Durch diese gesteigerte Effizienz ist das Blockheizkraftwerk auch aus Sicht der kommunalen Klimaschutzmanagerin Julia Berberig ein vertretbarer Kompromiss. „Die alte Anlage hat pro Jahr noch etwa 650.000 Kilowattstunden verbraucht, was die Hälfte des gesamten Wärmebedarfs sämtlicher kommunaler Liegenschaften in Ketsch war. Da werden wir deutlich bessere Werte erreichen, die allerdings erst nach einem kompletten Betriebsjahr konkret erfasst werden können“, so Berberig.
Zugleich sei beim Schwimmbad auch an anderen Stellen nachjustiert worden, um den Energiebedarf zu minimieren. Der jüngste Einbau neuer Ventilatoren bei der Lüftungsanlage trage dazu ebenso bei wie die modernisierten Umwälzpumpen, die vor zwei Jahren in Betrieb genommen wurden. „Bei der Beleuchtung setzen wir bereits in weiten Teilen auf LED und prüfen derzeit, wie wir auch in den Duschen und den Nebenräumen auf diese sparsame Technik umstellen können“, erklärt Berberig.

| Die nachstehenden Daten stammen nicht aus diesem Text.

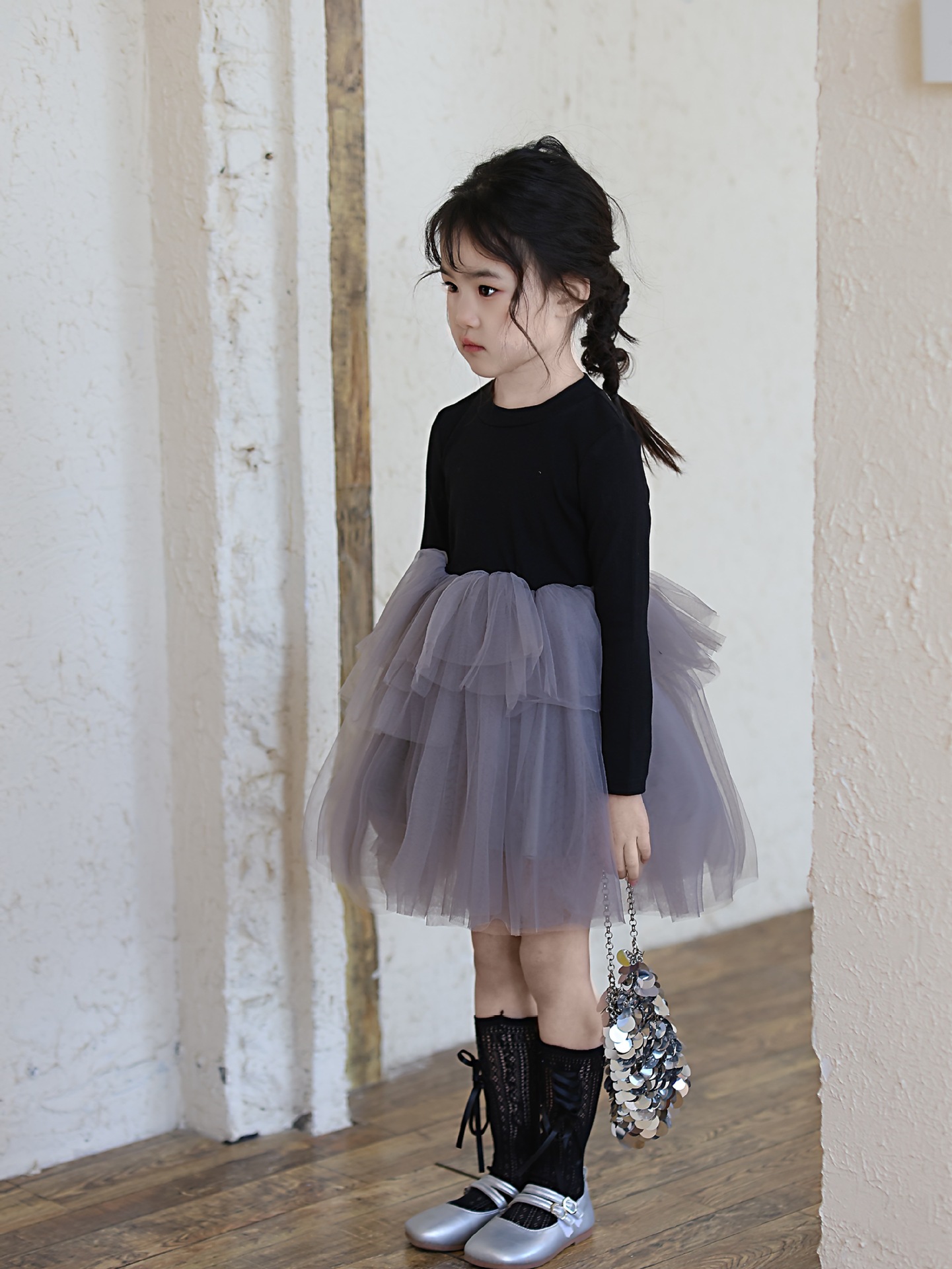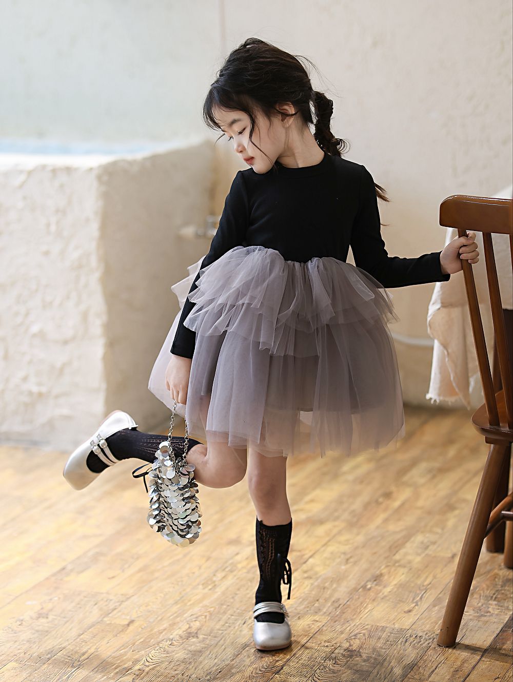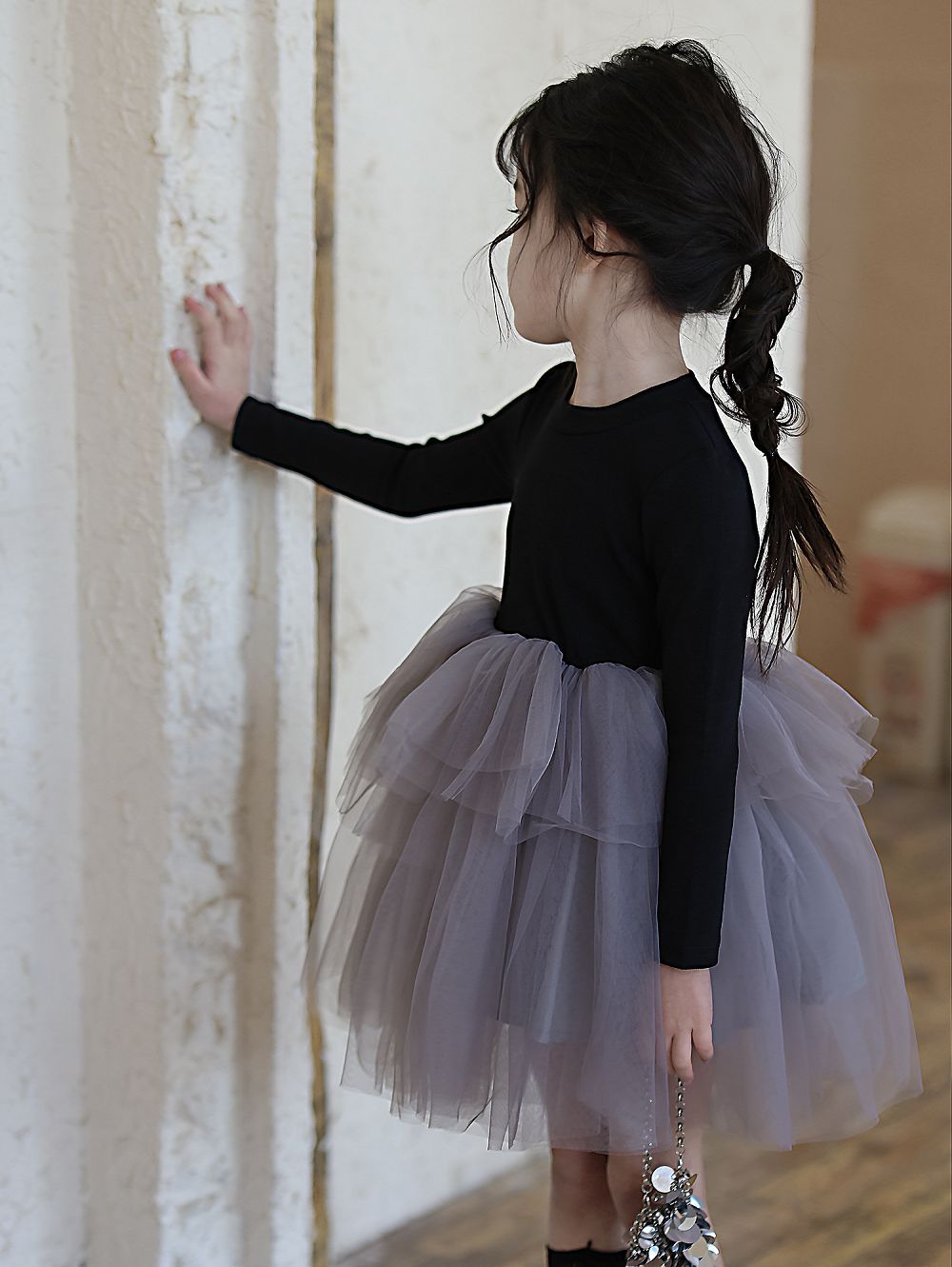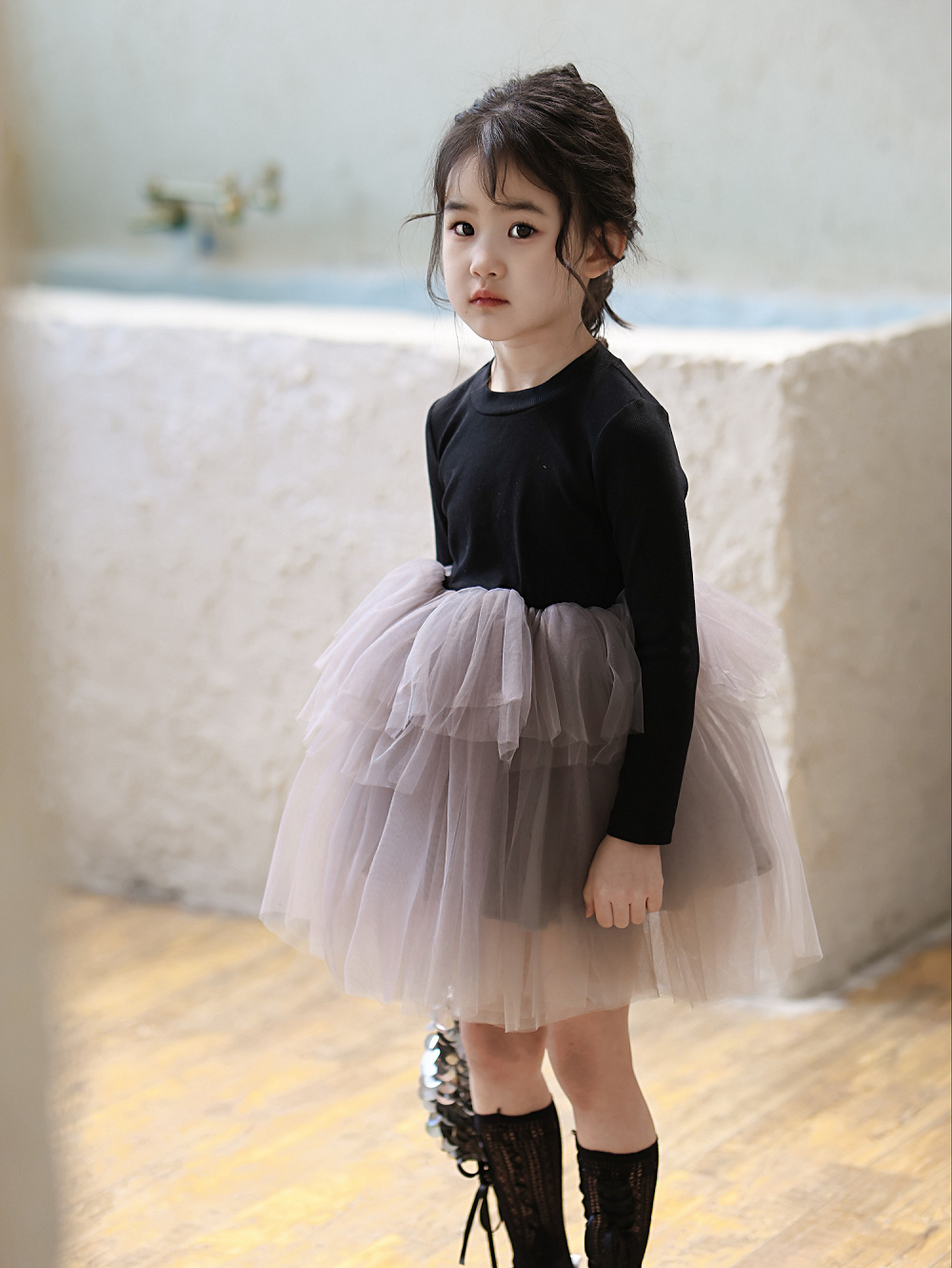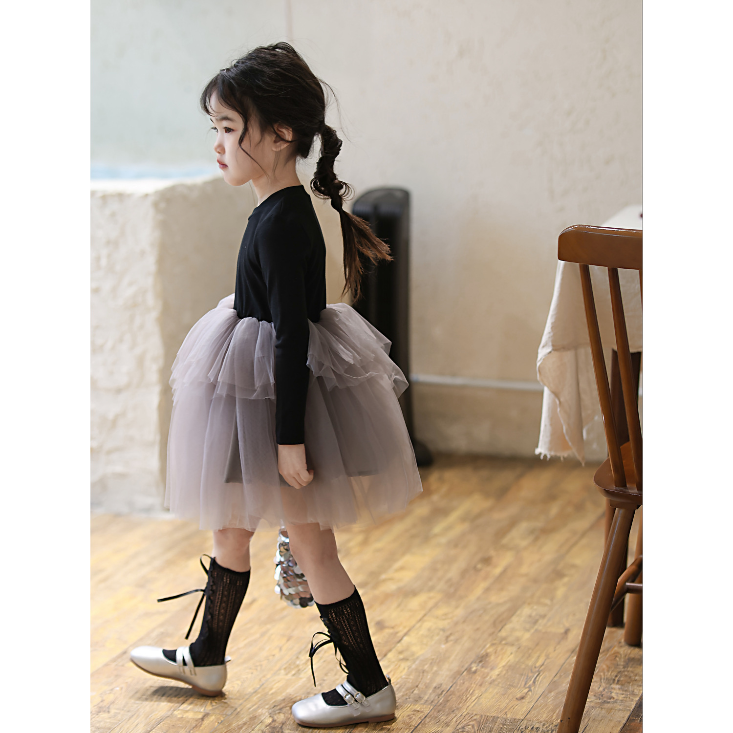 어린 소녀들을위한 소녀 긴 소매 메쉬 케이크 원피스 봄과 여름 2025 새로운 고급 회색 댄스 공주 스커트스토어 가기

Bei der Nutzung der Sonnenenergie steht das Ketscher Bad hingegen schon seit längerer Zeit nicht mehr so gut da. Lediglich auf dem Dach des Pumpenhauses beim Planschbecken arbeiten noch sogenannte Solarabsorber, die das Wasser thermisch erwärmen. Die größere Anlage auf dem Dach des Hallenbades ist hingegen seit Jahren defekt und war immer mal wieder Thema im Gemeinderat.

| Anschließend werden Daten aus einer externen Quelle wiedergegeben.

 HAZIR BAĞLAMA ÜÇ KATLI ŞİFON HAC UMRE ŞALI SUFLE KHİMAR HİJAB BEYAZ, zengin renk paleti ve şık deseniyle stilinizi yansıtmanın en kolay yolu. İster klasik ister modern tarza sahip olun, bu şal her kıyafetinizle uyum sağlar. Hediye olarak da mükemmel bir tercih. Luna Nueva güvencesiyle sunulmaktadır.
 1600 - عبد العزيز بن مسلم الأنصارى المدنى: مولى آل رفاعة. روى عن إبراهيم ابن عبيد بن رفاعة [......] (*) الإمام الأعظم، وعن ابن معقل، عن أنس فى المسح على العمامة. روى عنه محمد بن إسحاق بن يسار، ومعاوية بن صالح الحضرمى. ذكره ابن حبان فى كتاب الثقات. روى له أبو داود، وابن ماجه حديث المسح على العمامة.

Potenzial für Photovoltaik auf großen Dachflächen beim Ketscher Schwimmbad
Denkbar wäre hier aufgrund der großen Dachflächen auch eine Photovoltaikanlage, die aus Sonnenenergie Strom erzeugen könnte. Allerdings ist es fraglich, inwieweit dieser vor Ort selbst genutzt werden könnte. „Da müssen wir erst unseren Energiebericht abwarten, denn solche Projekte müssen aufeinander abgestimmt sein“, betont Bauamtsleiter Marc Schneider. „Einfach so Module aufzubauen, macht wenig Sinn, da braucht es ein Gesamtkonzept.“
Dabei müsste die benachbarte Rheinhalle entsprechend mitgedacht werden, denn auch hier bieten die großen Dachflächen grundsätzlich Potenzial. Allerdings ist hier die Nutzung und damit der mögliche Eigenverbrauch noch sporadischer als beim Schwimmbad. Zumindest bei der Heizung bleibt die Halle aber bei der Fernwärme: Ein Rückbau einer solchen - zumindest in der Theorie - klimafreundlicheren Technik ist gesetzlich verboten.
„Wir können also in den nächsten Jahren gut vergleichen, wie sich die beiden Systeme im Schwimmbad und in der Rheinhalle langfristig nebeneinander schlagen – sowohl beim Energieverbrauch als auch bei den Kosten“, so Bauamtsleiter Schneider.